Honor Harger isn’t your typical artist. Or your typical astronomer. At the TEDSalon London Spring 2011, Harger shared how she brings these two seemingly unrelated disciplines together — the study of sound and the study of space — to record the songs of planets, moons and quasars. Honor Harger: A history of the universe in sound Her talk is called “A history of the universe in sound,” and it is simply a must-see.
Today’s TED Weekends on the Huffington Post explores the soundtrack of our universe, featuring essays from Harger and others. Below, find excerpts from three for your reading pleasure.
Images of space are ubiquitous in our lives. We have been surrounded by stunning portrayals of our own solar system and beyond for generations. But in popular culture, we have no sense of what space sounds like. And indeed, most people associate space with silence.
There are, of course, perfectly valid scientific reasons for assuming so. Space is a vacuum. But through radio, we can listen to the Sun’s fizzling solar flares, the roaring waves and spitting fire of Jupiter’s stormy interactions with its moon Io, pulsars’ metronomic beats, or the eerie melodic shimmer of a whistler in the magnetosphere. Read the full essay »

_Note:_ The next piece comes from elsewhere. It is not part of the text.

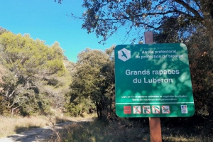 Le Petit Luberon possède une grande richesse ornithologique liée à sa position géographique à mi-chemin entre mer et montagnes, et à la présence de milieux naturels variés ; pelouses pastorales, garrigues, forêts, canyons et cirques rocheux. Ici, se trouve la limite de la zone protégée par arrêté préfectoral de protection de biotope (APPB), mis en place en 1990. Afin de préserver la tranquillité des rapaces, la pratique de l’escalade, du slackline et des sports aériens (base-jump, parapente, deltaplane, ULM...), ainsi que la chasse photographique animalière et le survol en drone, sont strictement interdits. En complément, une zone de protection spéciale des oiseaux (ZPS) Natura 2000 Massif du Petit Luberon, définie par arrêté ministériel, vise la conservation des oiseaux sauvages. Des efforts particuliers de gestion sont mis en place afin de préserver la qualité des écosystèmes et leur remarquable biodiversité. En chemin, merci de rester le plus discret possible afin de préserver la quiétude des rapaces et oiseaux qui nichent et vivent sur le massif.
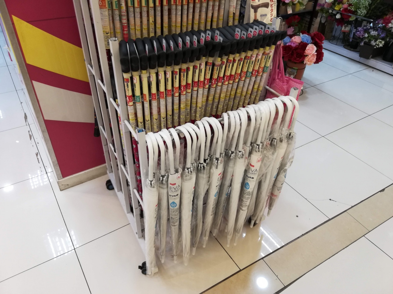 カンボジアは5月ごろから雨季に入り、急な雨に襲われることがあります。イオンモールの2階に入っているダイソーでは、日本のダイソーと同じ感覚でビニール傘が売られているほか、レインコートやポンチョも売っています。急に必要になった時は便利です。

Honor Harger’s TED Talk is on radio astronomy, or, in some sense, the “sound” of the universe (even though radio waves are really electromagnetic radiation, just like light). Can we, however, say what the color of the universe is? To answer this question, we must first establish what we actually mean by the “color of the universe.” A reasonable definition would be to add up all the visible radiation emitted by a very large number of galaxies in a huge cosmic volume, and to determine how all of that light might be perceived by the human eye. This is precisely what astronomers Karl Glazebrook and Ivan Baldry attempted to do in 2002. Using a survey of more than 200,000 galaxies (the “2dF Galaxy Redshift Survey”) and reaching to distances of a few billion light-years, they constructed the distribution of the colors (the spectrum) the eye would see if all that light were to be separated into its components by passing it through a prism.

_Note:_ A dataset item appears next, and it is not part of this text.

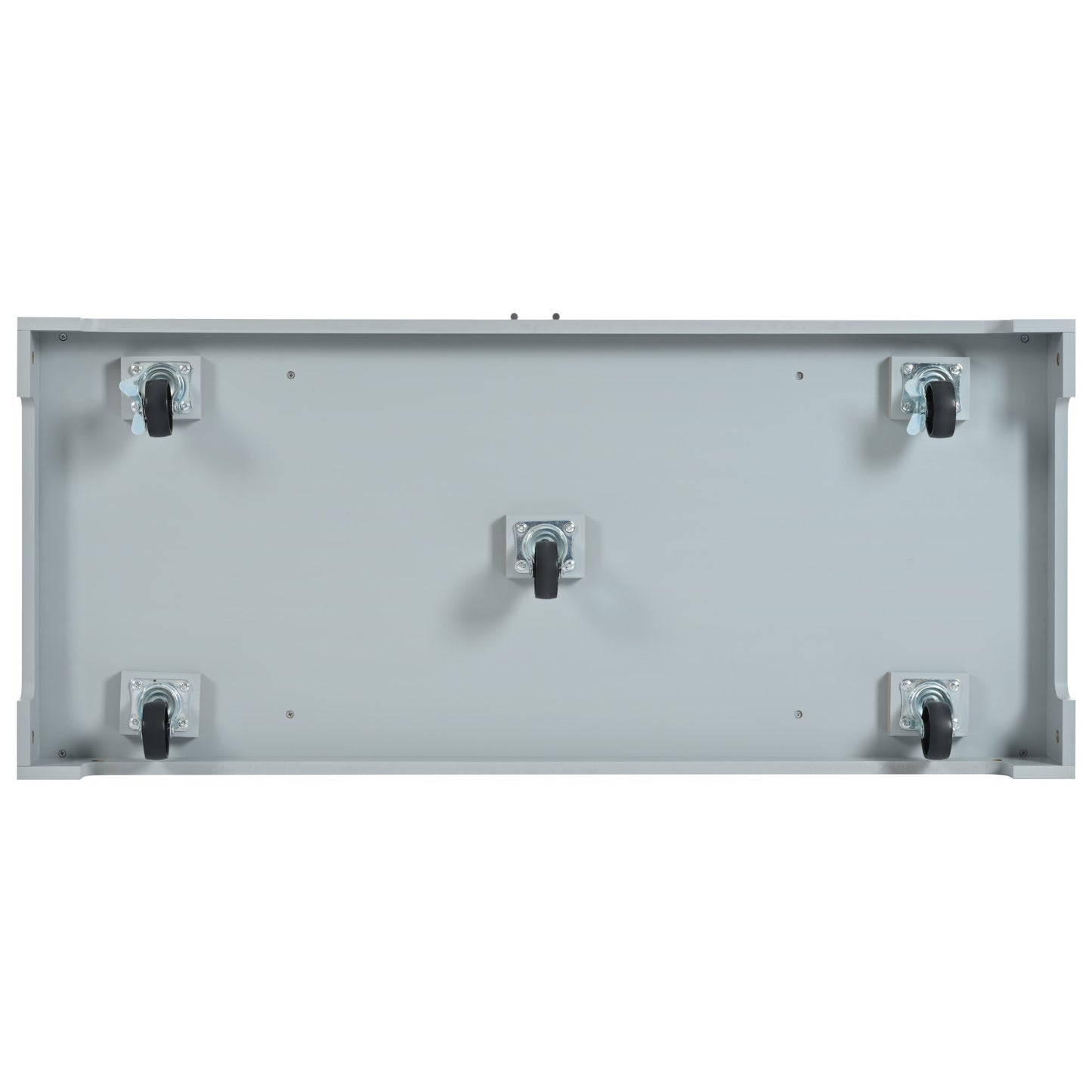This mobile kitchen island on wheels is equipped with 5 universal wheels, 2 of which are lockable. The central placement of one wheel at the base ensures enhanced overall stability during movement.
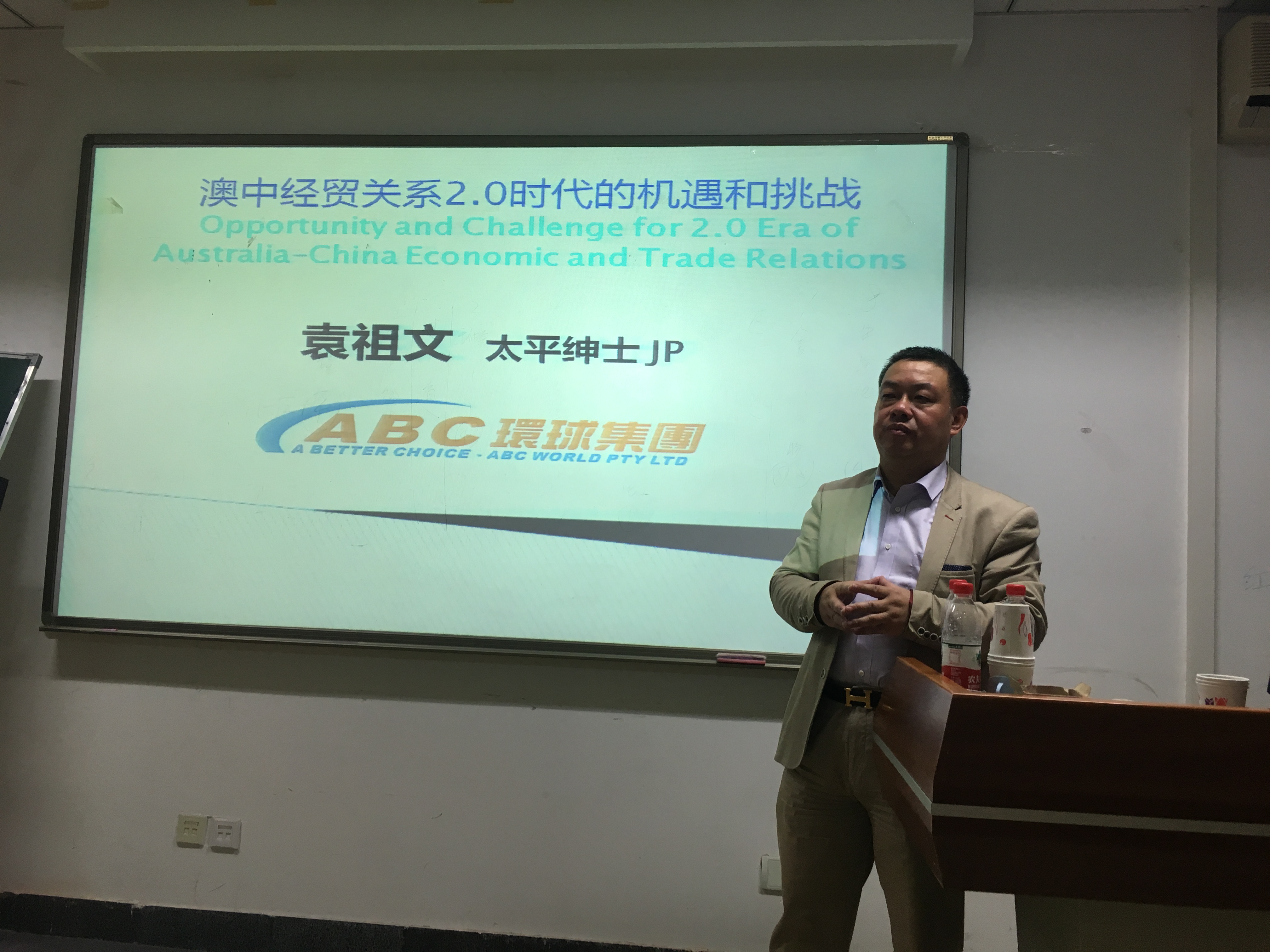国贸教研室举办澳大利亚袁祖文太平绅士《澳中经贸关系2.0时代的机遇和挑战》讲座

Since our universe is expanding, light from distant galaxies is stretched to longer (redder) wavelengths (a phenomenon known as redshift). The farther away the galaxy, the greater the amount of stretching that occurs. Glazebrook and Baldry removed this effect before combining all the light to form a smoothed-out average color. Read the full essay »

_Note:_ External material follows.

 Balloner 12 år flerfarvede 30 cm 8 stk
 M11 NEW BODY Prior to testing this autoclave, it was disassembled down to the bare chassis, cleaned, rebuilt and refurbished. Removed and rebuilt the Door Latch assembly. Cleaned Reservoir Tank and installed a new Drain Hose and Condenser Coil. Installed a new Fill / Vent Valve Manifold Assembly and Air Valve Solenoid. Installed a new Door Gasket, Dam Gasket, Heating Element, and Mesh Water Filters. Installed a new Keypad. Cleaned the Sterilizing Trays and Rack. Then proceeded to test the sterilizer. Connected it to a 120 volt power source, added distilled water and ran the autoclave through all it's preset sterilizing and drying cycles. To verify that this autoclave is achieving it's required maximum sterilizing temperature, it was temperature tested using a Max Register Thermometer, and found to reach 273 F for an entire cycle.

Remember the tag line for the 1979 sci-fi flick Alien? It was boldly emblazoned on the film’s advertising posters, and helpfully informed the public that “in space, no one can hear you scream.”
Well, of course that’s true; at least if you’re floating around without your protective helmet and its built-in walkie-talkie. But then again if you’re bare-headed in space, the fact that no one can hear the noises you’re making is scarcely your biggest problem.